» **Work task**
From top to bottom, return the listing exactly as it appears, omitting its images.

[Opening Source data section]

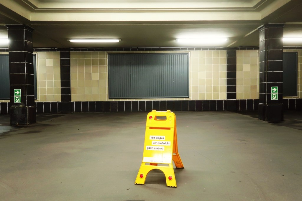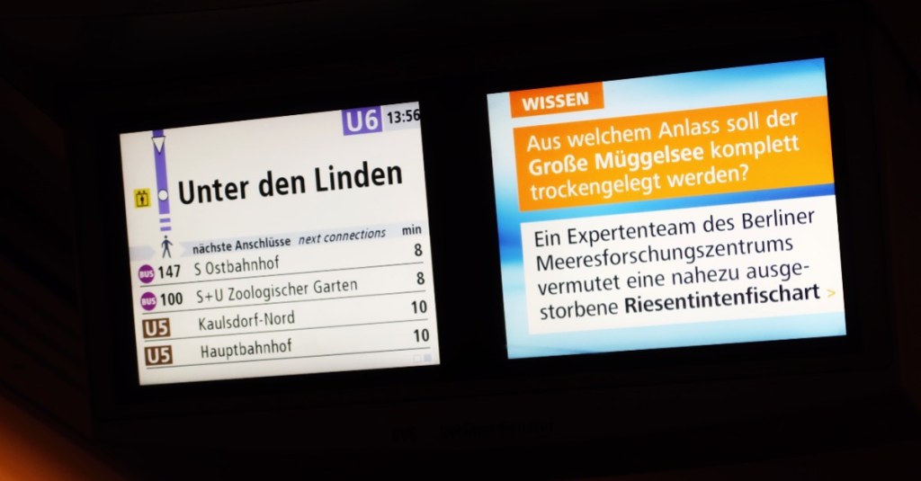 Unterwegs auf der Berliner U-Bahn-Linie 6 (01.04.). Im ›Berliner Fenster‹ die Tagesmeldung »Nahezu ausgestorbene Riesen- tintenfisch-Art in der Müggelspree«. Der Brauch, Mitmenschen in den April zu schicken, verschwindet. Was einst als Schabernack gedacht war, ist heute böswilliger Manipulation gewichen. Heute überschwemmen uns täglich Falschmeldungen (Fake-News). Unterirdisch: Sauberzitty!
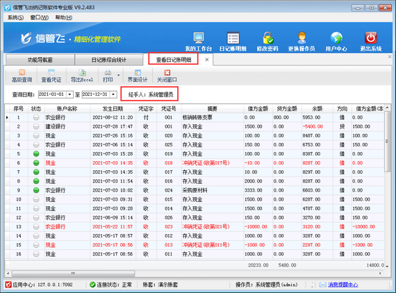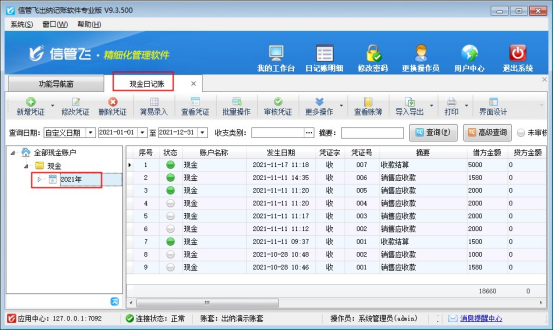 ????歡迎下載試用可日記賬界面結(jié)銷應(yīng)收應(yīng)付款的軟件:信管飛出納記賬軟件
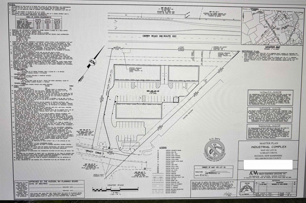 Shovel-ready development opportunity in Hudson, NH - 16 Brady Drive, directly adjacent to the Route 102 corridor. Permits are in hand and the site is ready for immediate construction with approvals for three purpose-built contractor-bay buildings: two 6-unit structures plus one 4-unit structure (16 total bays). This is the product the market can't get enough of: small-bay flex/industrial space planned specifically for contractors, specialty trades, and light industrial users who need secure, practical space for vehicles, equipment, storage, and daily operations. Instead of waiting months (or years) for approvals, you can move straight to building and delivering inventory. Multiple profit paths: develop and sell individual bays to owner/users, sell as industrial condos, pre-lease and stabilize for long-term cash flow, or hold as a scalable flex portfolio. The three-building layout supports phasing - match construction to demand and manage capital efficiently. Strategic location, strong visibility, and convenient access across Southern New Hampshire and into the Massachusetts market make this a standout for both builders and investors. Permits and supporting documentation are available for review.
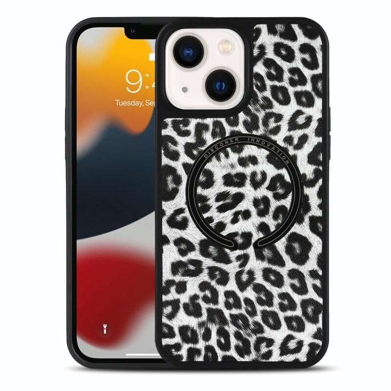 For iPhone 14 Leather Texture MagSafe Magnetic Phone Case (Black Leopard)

[Closing Source data section]

» **Task result**
 Unterwegs auf der Berliner U-Bahn-Linie 6 (01.04.). Im ›Berliner Fenster‹ die Tagesmeldung »Nahezu ausgestorbene Riesen- tintenfisch-Art in der Müggelspree«. Der Brauch, Mitmenschen in den April zu schicken, verschwindet. Was einst als Schabernack gedacht war, ist heute böswilliger Manipulation gewichen. Heute überschwemmen uns täglich Falschmeldungen (Fake-News). Unterirdisch: Sauberzitty!
 ????歡迎下載試用可日記賬界面結(jié)銷應(yīng)收應(yīng)付款的軟件:信管飛出納記賬軟件
 Shovel-ready development opportunity in Hudson, NH - 16 Brady Drive, directly adjacent to the Route 102 corridor. Permits are in hand and the site is ready for immediate construction with approvals for three purpose-built contractor-bay buildings: two 6-unit structures plus one 4-unit structure (16 total bays). This is the product the market can't get enough of: small-bay flex/industrial space planned specifically for contractors, specialty trades, and light industrial users who need secure, practical space for vehicles, equipment, storage, and daily operations. Instead of waiting months (or years) for approvals, you can move straight to building and delivering inventory. Multiple profit paths: develop and sell individual bays to owner/users, sell as industrial condos, pre-lease and stabilize for long-term cash flow, or hold as a scalable flex portfolio. The three-building layout supports phasing - match construction to demand and manage capital efficiently. Strategic location, strong visibility, and convenient access across Southern New Hampshire and into the Massachusetts market make this a standout for both builders and investors. Permits and supporting documentation are available for review.
 For iPhone 14 Leather Texture MagSafe Magnetic Phone Case (Black Leopard)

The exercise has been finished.